Consequences of DHX9 expression on CHIKV infection. (A) Parental HEK293T cells, cells edited by CRISPR/Cas9 (DHX9^+/–), or cells transfected with nontargeting shRNA (shCtrl) or shRNA against DHX9 (#1 and #2) were analyzed for DHX9 and GAPDH expression by Western blotting. The DHX9/GAPDH ratio determined by band intensity analysis is indicated for each condition. (B) Replication of the CHIKV-LR-5′GFP reporter virus in DHX9^+/– cells and in the parental cell line was monitored by quantification of GFP expression in total cell extracts. Values are a mean of triplicate experiments. (C) Each cell line was infected with CHIKV-LR. Viral production in culture supernatants was determined by a standard plaque assay at the indicated times postinfection. Values are means of triplicates. (D) Replication of the CHIKV-LR-5′GFP reporter virus in cells transfected with shCtrl or shRNA against DHX9 was monitored by quantification of GFP expression in total cell extracts.

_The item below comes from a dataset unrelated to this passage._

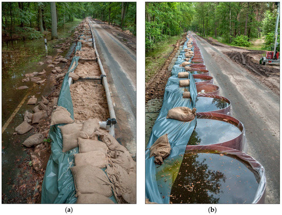 The disadvantages of SBRSs compared to sandbagging are, on the one hand, the high acquisition costs. However, when properly stored and maintained, SBRSs are completely or to a large extent reusable, whereas sandbags and sand must be disposed of separately and at high cost after use. In addition, there is the risk of vandalism or damage from external influences, especially with water- and air-filled SBRSs. Sandbags are comparatively easy to handle and their functionality has been proven over many years [5]. SBRSs, on the other hand, require trained personnel for installation and their use in flood defense is little known. However, SBRSs were used sporadically during the Elbe flood in 2013 (Figure 2).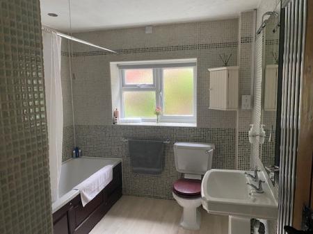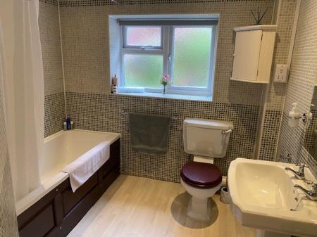 FAMILY BATHROOM A fully tiled room with rear-aspect double-glazed window with obscured glass. Suite with: panelled bath with Victorian-style mixer taps and handheld shower spray; pedestal wash hand basin with illuminated mirror over; and close-coupled WC. There is a contemporary chrome-finished vertical radiator, and a shaver point.

Values are a mean of triplicate experiments. (E) Cells transfected with an empty plasmid (Mock) or with a plasmid encoding a HA-DHX9 protein were analyzed by immunoblotting with the indicated antibodies. (F) Cells were infected with CHIKV-LR, and virus production was monitored overtime in culture supernatant by a plaque assay. Mock-transfected cells are shown as a control. Values are means of triplicates; values were compared using a Student t test (*, P < 0.05; **, P < 0.01; ***, P < 0.001; ****, P < 0.0001).

FIG 8

DHX9 overexpression negatively regulates viral RNA synthesis independently of type I IFN expression. DHX9^+/– cells and the parental HEK293T cells infected with the CHIKV-LR-5′GFP reporter virus for the indicated times were processed for qRT-PCR amplification of CHIKV (–)RNA (A) or (+)RNA (B). Noninfected cells (NI) are shown as a control. RNA levels were normalized according to GAPDH mRNA levels in the samples. Values were then normalized against an internal control, and results are expressed as arbitrary units. Analyses were performed in triplicate, and the error bars represent the standard deviations. (C) IFN-β mRNA was quantified from the same samples, as previously reported (74). GAPDH was used as an mRNA housekeeping control. Values are means of duplicates, and the error bars represent the standard deviations.

FIG 9

DHX9 expression regulates nonstructural protein translation. (A) Mock-transfected HEK293T cells (WT) and cells transfected with the indicated shRNAs were analyzed for DHX9 and GAPDH expression. The cells were infected with CHIKV-nsP1_W258A-NanoLuc (depicted in the upper panel). (B) After 4 h at a nonpermissive temperature (37°C), the nanoluciferase activity was determined in cell lysates and normalized to the protein concentration in the samples. ****, P < 0.0001; **, P < 0.01. (C) HEK293T cells transfected to overexpress HA-DHX9 were infected CHIKV-nsP1_W258A-NanoLuc and maintained at 37°C for 4 h. NsP translation was monitored by quantification of the nanoluciferase activity in the cell lysate, and values were normalized according to the protein content in the sample. The expression of the HA-DHX9 transgene was controlled by immunoblotting the total cell extracts with the indicated antibodies. (D) Parental (WT) or DHX9 CRISPR/Cas9-edited HEK293T cells were transfected with the ΔnsP4 CHIKV replicon (depicted in the upper panel). At 8 h after transfection, cell lysates were analyzed for DHX9, GAPDH, and nsP expression. The band intensity was determined, and the nsP2/GAPDH ratios are indicated.

FIG 10

Model of DHX9-dependent regulation of the alphavirus translation-to-replication switch. DHX9 is recruited to the plasma membrane-bound replication complexes through interactions with the HVD domain in nsP3, where it enhances nsP translation. As translation and nsP precursor cleavage proceeds, the concentration of mature nsP2 increases, accounting for DHX9 unloading from the replication complex and redirection to proteasomal degradation. In the absence of DHX9, translation is shut down, and replication starting with (–)RNA synthesis is favored. G3BP recruitment to replication complexes is depicted in this model.